**Provided material:**
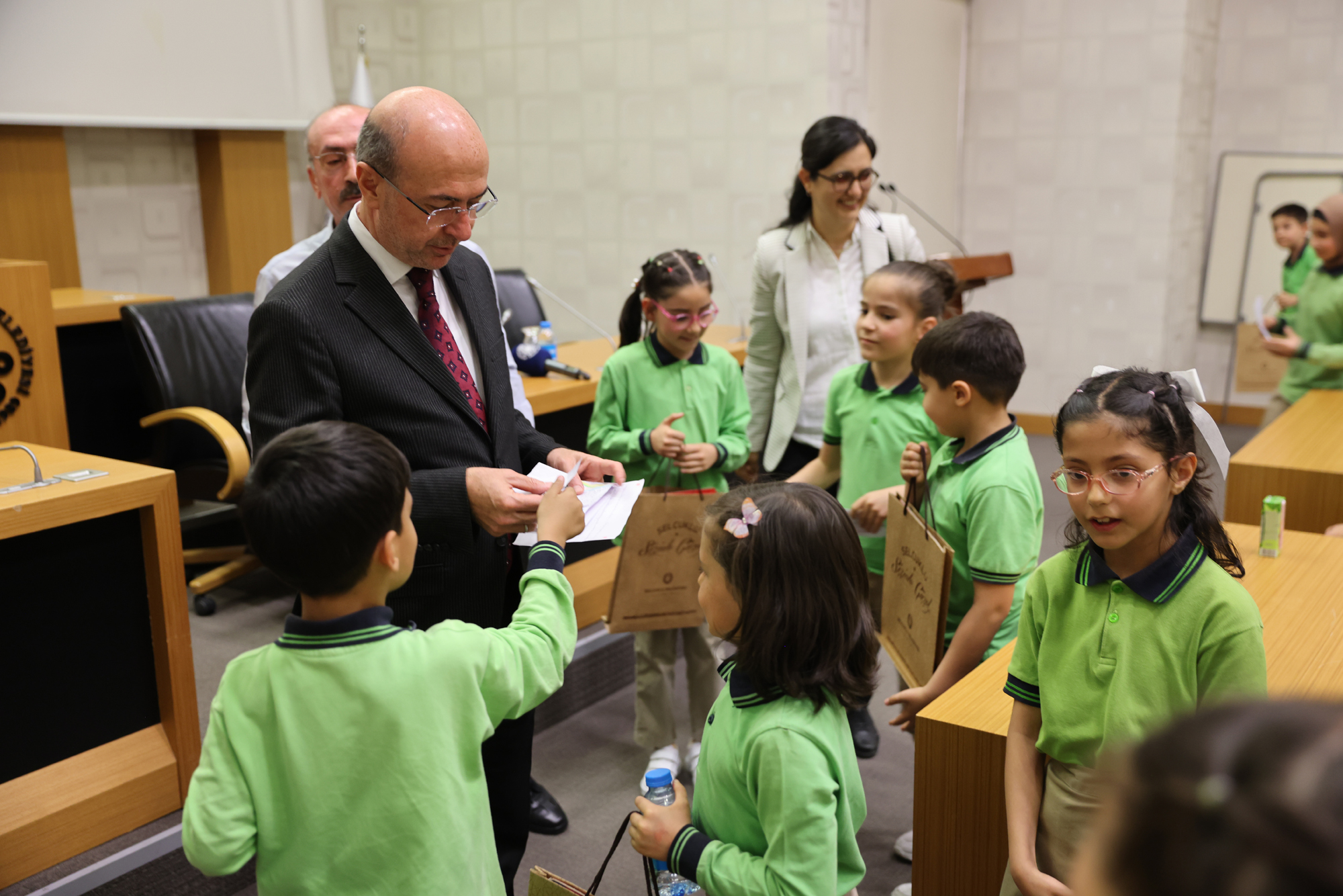 Şehit Erkan Kurşun İlkokulu ve Hakim Ömer Onsun İlkokulu öğrencileri ile öğretmenleri, Selçuklu Belediye Başkanı Ahmet Pekyatırmacı’yı ziyaret etti. Selçuklu Belediyesi Meclis Salonunda öğrenciler ile buluşan Başkan Pekyatırmacı belediye çalışmaları ve eğitim adına yapılan proje ve hizmetler hakkında öğrencilere bilgi verdi. Öğrenciler tarafından merak edilen soruları içtenlikle yanıtlayan Başkan Pekyatırmacı öğrencilere de gelecekleri ile ilgili sorular sordu.
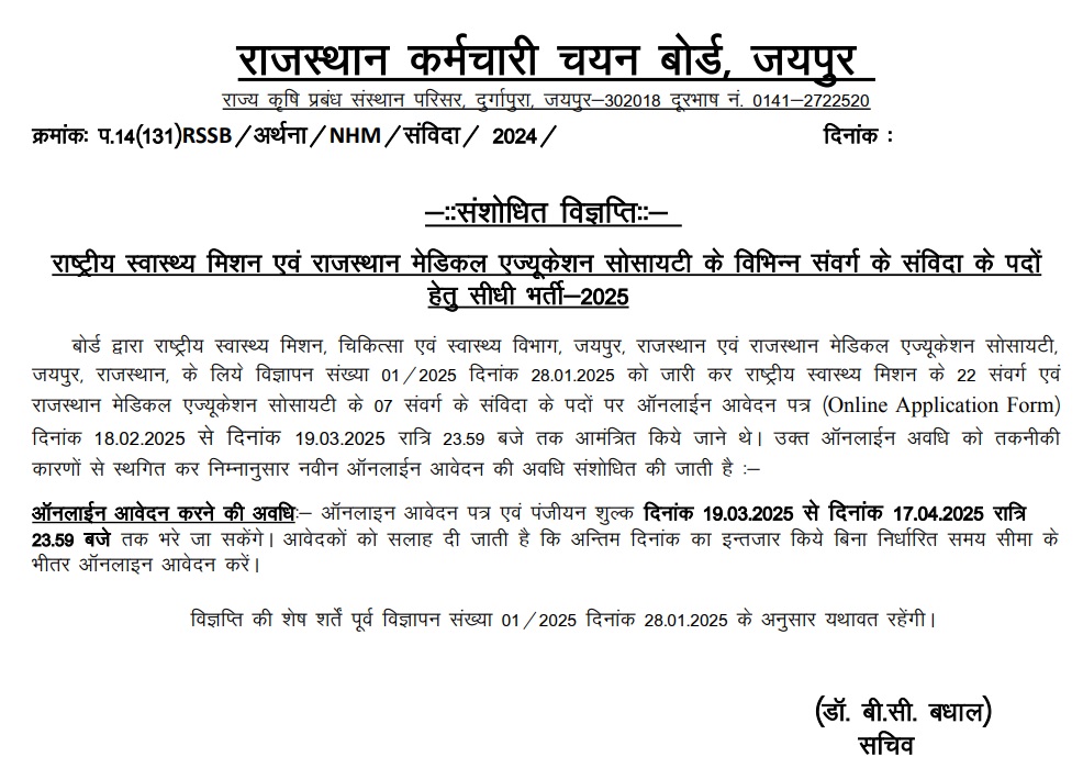 आरएसएसबी की ओर से साझा की गई डिटेल के मुताबिक "बोर्ड द्वारा राष्ट्रीय स्वास्थ्य मिशन, चिकित्सा एवं स्वास्थ्य विभाग, जयपुर, राजस्थान एवं राजस्थान मेडिकल एज्यूकेशन सोसायटी, जयपुर, राजस्थान, के लिये विज्ञापन संख्या 01/2025 दिनांक 28.01.2025 को जारी कर राष्ट्रीय स्वास्थ्य मिशन के 22 संवर्ग एवं राजस्थान मेडिकल एज्यूकेशन सोसायटी के 07 संवर्ग के संविदा के पदों पर ऑनलाइन आवेदन पत्र (Online Application Form) दिनांक 18 फरवरी 2025 से दिनांक 19 मार्च 2025 रात्रि 23.59 बजे तक आमंत्रित किये जाने थे। उक्त ऑनलाईन अवधि को तकनीकी कारणों से स्थगित कर निम्नानुसार नवीन ऑनलाईन आवेदन की अवधि संशोधित की जाती है।"
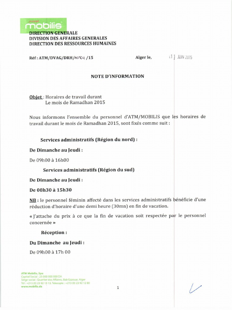 Https Info Agriculture Gouv Fr Gedei Site Bo Agri Instruction 2016 874 Telechargement from Quelques aspects meconnus du jeune du ramadan iqri org by iqri.org. Note de service portant rappel de l'horaire de travail applicable. La fixation de l'horaire de travail.que très exceptionnellement que la cour de cassation qualifie certains changement s d'horaires de modifications du contrat de travail nécessitant l'accord du salarié. 01 / 12 sujet : Changement d'horaire veuillez prendre note qu'à compter du (la date), votre horaire d'émission sera modifie de la façon suivante, du lundi au vendredi : Le dépôt direct de votre paie s'effectue à l'institution financière de à noter que les bulletins en format papier sont produits sur demande seulement. Horaires de travail (sans intérruption) : Exemple de lettre prete a lemploi.

**Work instruction:**
Reproduce the data in full. Do not carry over any picture.

**Response for this exercise:**
 Şehit Erkan Kurşun İlkokulu ve Hakim Ömer Onsun İlkokulu öğrencileri ile öğretmenleri, Selçuklu Belediye Başkanı Ahmet Pekyatırmacı’yı ziyaret etti. Selçuklu Belediyesi Meclis Salonunda öğrenciler ile buluşan Başkan Pekyatırmacı belediye çalışmaları ve eğitim adına yapılan proje ve hizmetler hakkında öğrencilere bilgi verdi. Öğrenciler tarafından merak edilen soruları içtenlikle yanıtlayan Başkan Pekyatırmacı öğrencilere de gelecekleri ile ilgili sorular sordu.
 आरएसएसबी की ओर से साझा की गई डिटेल के मुताबिक "बोर्ड द्वारा राष्ट्रीय स्वास्थ्य मिशन, चिकित्सा एवं स्वास्थ्य विभाग, जयपुर, राजस्थान एवं राजस्थान मेडिकल एज्यूकेशन सोसायटी, जयपुर, राजस्थान, के लिये विज्ञापन संख्या 01/2025 दिनांक 28.01.2025 को जारी कर राष्ट्रीय स्वास्थ्य मिशन के 22 संवर्ग एवं राजस्थान मेडिकल एज्यूकेशन सोसायटी के 07 संवर्ग के संविदा के पदों पर ऑनलाइन आवेदन पत्र (Online Application Form) दिनांक 18 फरवरी 2025 से दिनांक 19 मार्च 2025 रात्रि 23.59 बजे तक आमंत्रित किये जाने थे। उक्त ऑनलाईन अवधि को तकनीकी कारणों से स्थगित कर निम्नानुसार नवीन ऑनलाईन आवेदन की अवधि संशोधित की जाती है।"
 Https Info Agriculture Gouv Fr Gedei Site Bo Agri Instruction 2016 874 Telechargement from Quelques aspects meconnus du jeune du ramadan iqri org by iqri.org. Note de service portant rappel de l'horaire de travail applicable. La fixation de l'horaire de travail.que très exceptionnellement que la cour de cassation qualifie certains changement s d'horaires de modifications du contrat de travail nécessitant l'accord du salarié. 01 / 12 sujet : Changement d'horaire veuillez prendre note qu'à compter du (la date), votre horaire d'émission sera modifie de la façon suivante, du lundi au vendredi : Le dépôt direct de votre paie s'effectue à l'institution financière de à noter que les bulletins en format papier sont produits sur demande seulement. Horaires de travail (sans intérruption) : Exemple de lettre prete a lemploi.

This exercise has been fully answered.